BEGIN Stored data

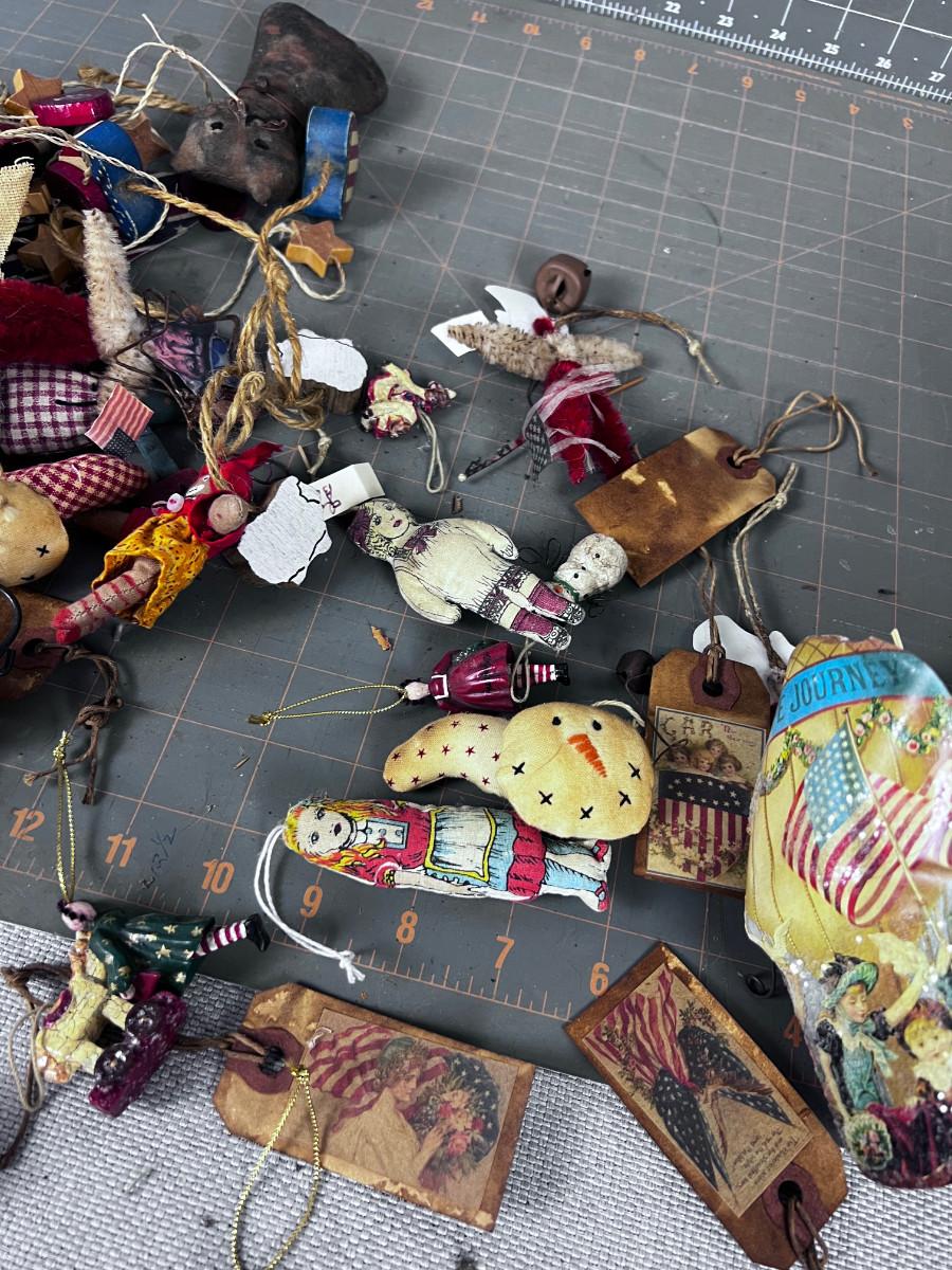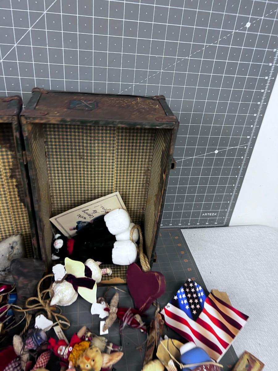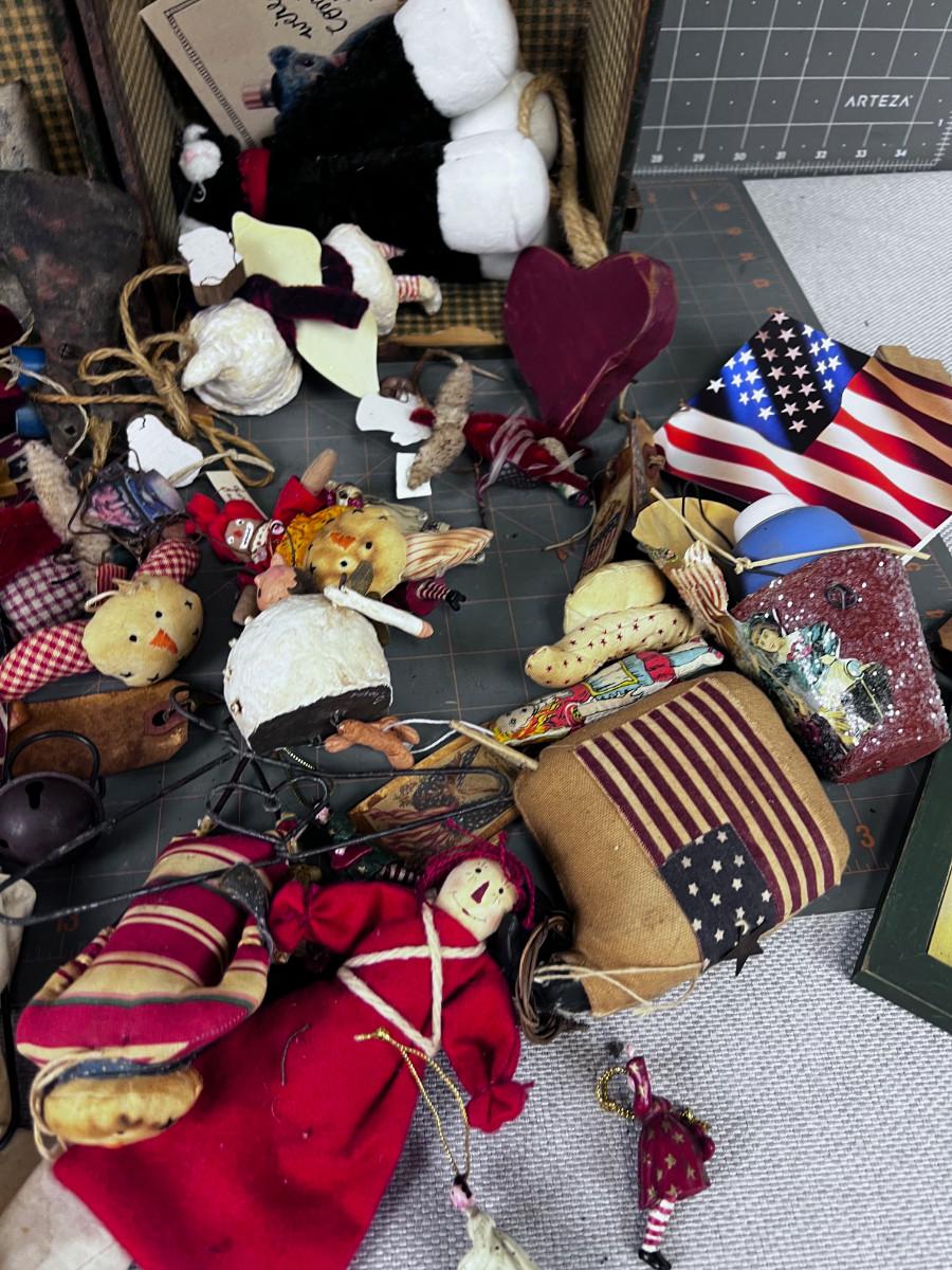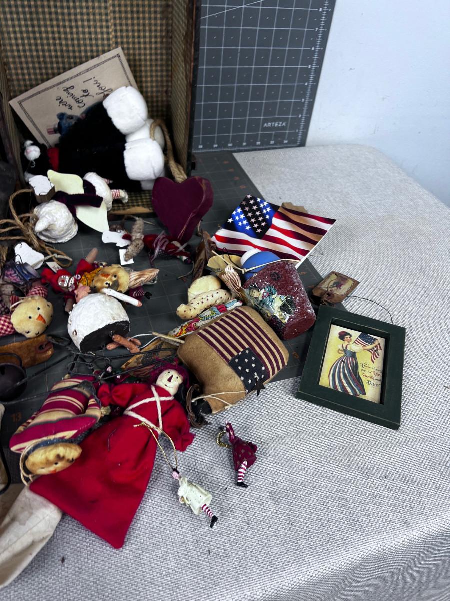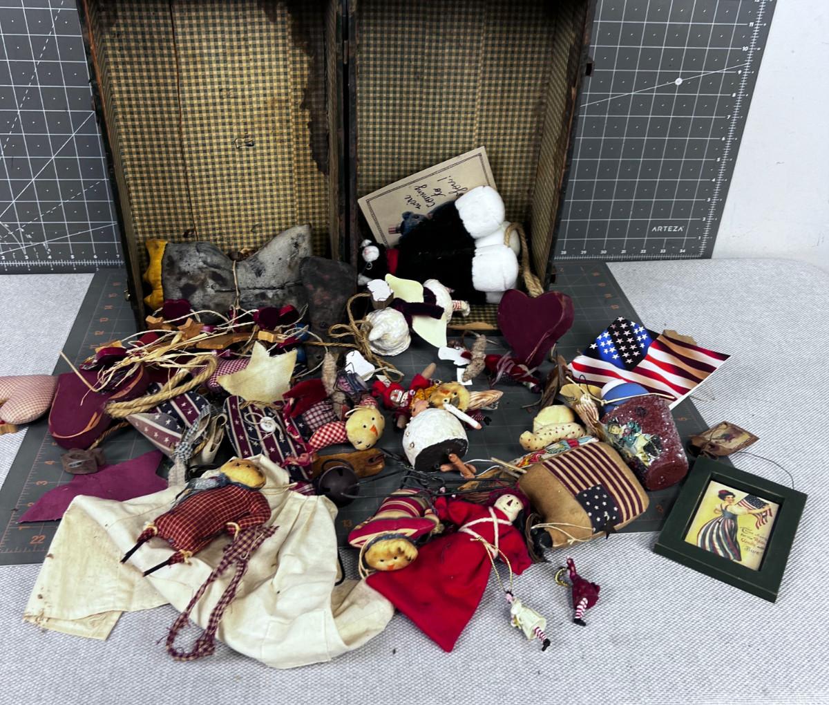 Antique Toy Trunk with Antique Folk Art Ornaments - Fun collection
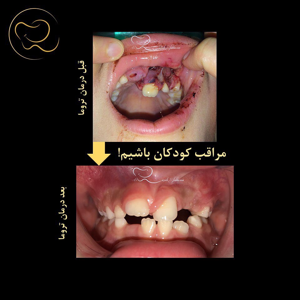 . مراقب لبخند فرزندان يكديگر باشيم! وظيفه همه ما به عنوان بزرگترهاي جامعه اينه كه مراقب كودكان جامعه باشيم پسر شش ساله عزيز ما با يك دوچرخه تصادف كرده و دچار آسيب جمجمه به همراه شكستگي آلوئول و لترال لاكسيشن سانترال چپ بالا شده بود. در مديريت همه انواع تروما توجه به دو نكته اهميت بسياري داره: - اول، مراجعه در اسرع وقت به دندانپزشك - دوم، تبعيت از دستورات مراقبتي به ويژه رعايت دقيق بهداشت . #trauma_children #alveolar_fracture #public_awareness #تروما #دندانپزشكي_كودكان #دندانپزشك_كودك_خود_باشيم
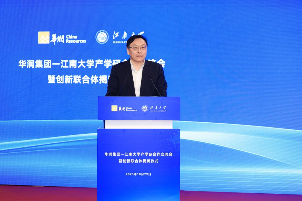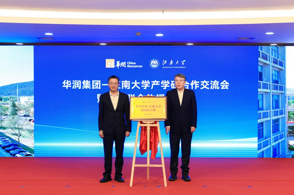 创新联合体”在太湖之滨正式揭牌。华润集团总经理王崔军、人力资源部总经理杨坤、科技创新部总经理陈雷,华润医药董事会主席白晓松、华润创业董事长程洁、华润微电子董事长何小龙、华润啤酒总裁金汉权、华润五丰总经理刘明芳、华润双鹤总裁赵骞、江中药业总经理徐永前等共同出席活动。此次揭牌标志着校企双方历时近一年的战略对接迈入“实体化、平台化、一体化”新阶段,既是此前双方战略合作框架协议的快速落地,也是央企与“双一流”高校携手培育新质生产力的有力探索。
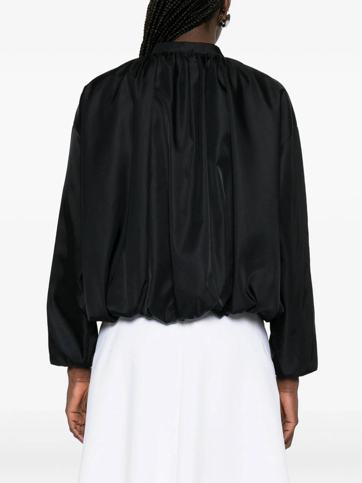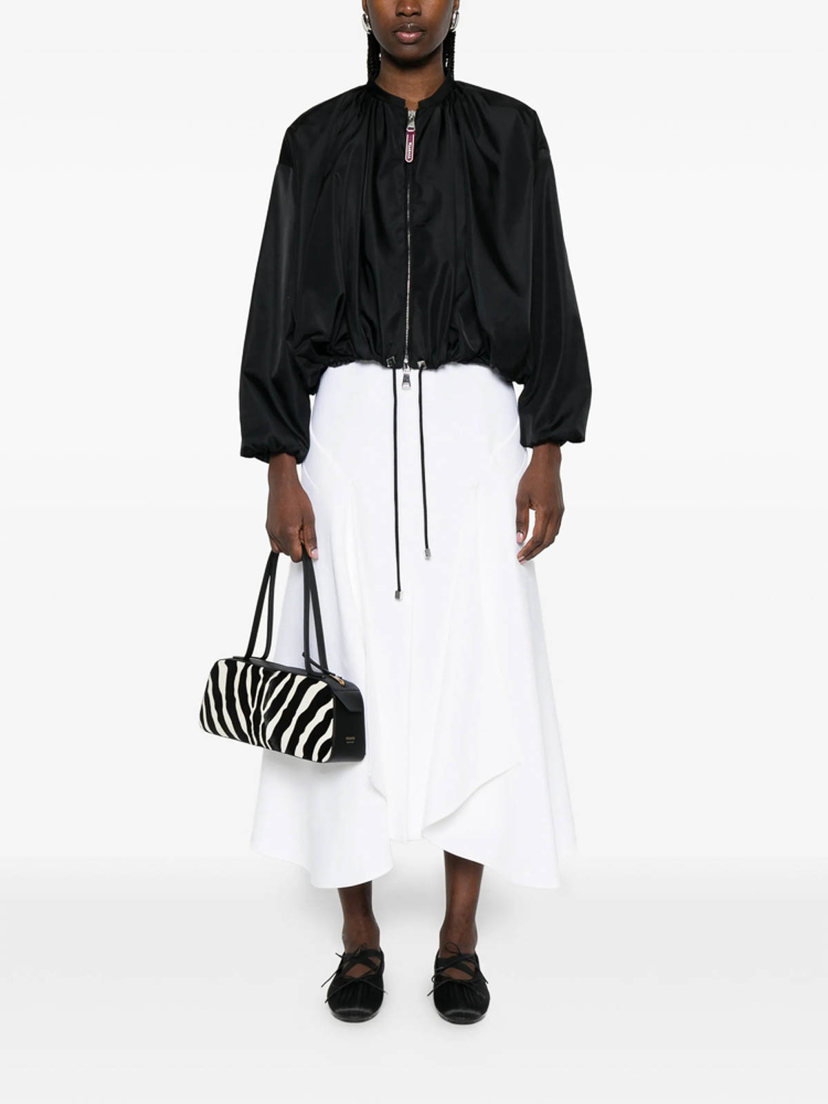 ブラックシルバートーンの金具ファスナー開閉式ドローストリングヘムゴム入りカフスラウンドネック

END Stored data

§ Your instructions
Repeat the lines above precisely and skip every picture.

§ Task solution
 Antique Toy Trunk with Antique Folk Art Ornaments - Fun collection
 . مراقب لبخند فرزندان يكديگر باشيم! وظيفه همه ما به عنوان بزرگترهاي جامعه اينه كه مراقب كودكان جامعه باشيم پسر شش ساله عزيز ما با يك دوچرخه تصادف كرده و دچار آسيب جمجمه به همراه شكستگي آلوئول و لترال لاكسيشن سانترال چپ بالا شده بود. در مديريت همه انواع تروما توجه به دو نكته اهميت بسياري داره: - اول، مراجعه در اسرع وقت به دندانپزشك - دوم، تبعيت از دستورات مراقبتي به ويژه رعايت دقيق بهداشت . #trauma_children #alveolar_fracture #public_awareness #تروما #دندانپزشكي_كودكان #دندانپزشك_كودك_خود_باشيم
 创新联合体”在太湖之滨正式揭牌。华润集团总经理王崔军、人力资源部总经理杨坤、科技创新部总经理陈雷,华润医药董事会主席白晓松、华润创业董事长程洁、华润微电子董事长何小龙、华润啤酒总裁金汉权、华润五丰总经理刘明芳、华润双鹤总裁赵骞、江中药业总经理徐永前等共同出席活动。此次揭牌标志着校企双方历时近一年的战略对接迈入“实体化、平台化、一体化”新阶段,既是此前双方战略合作框架协议的快速落地,也是央企与“双一流”高校携手培育新质生产力的有力探索。
 ブラックシルバートーンの金具ファスナー開閉式ドローストリングヘムゴム入りカフスラウンドネック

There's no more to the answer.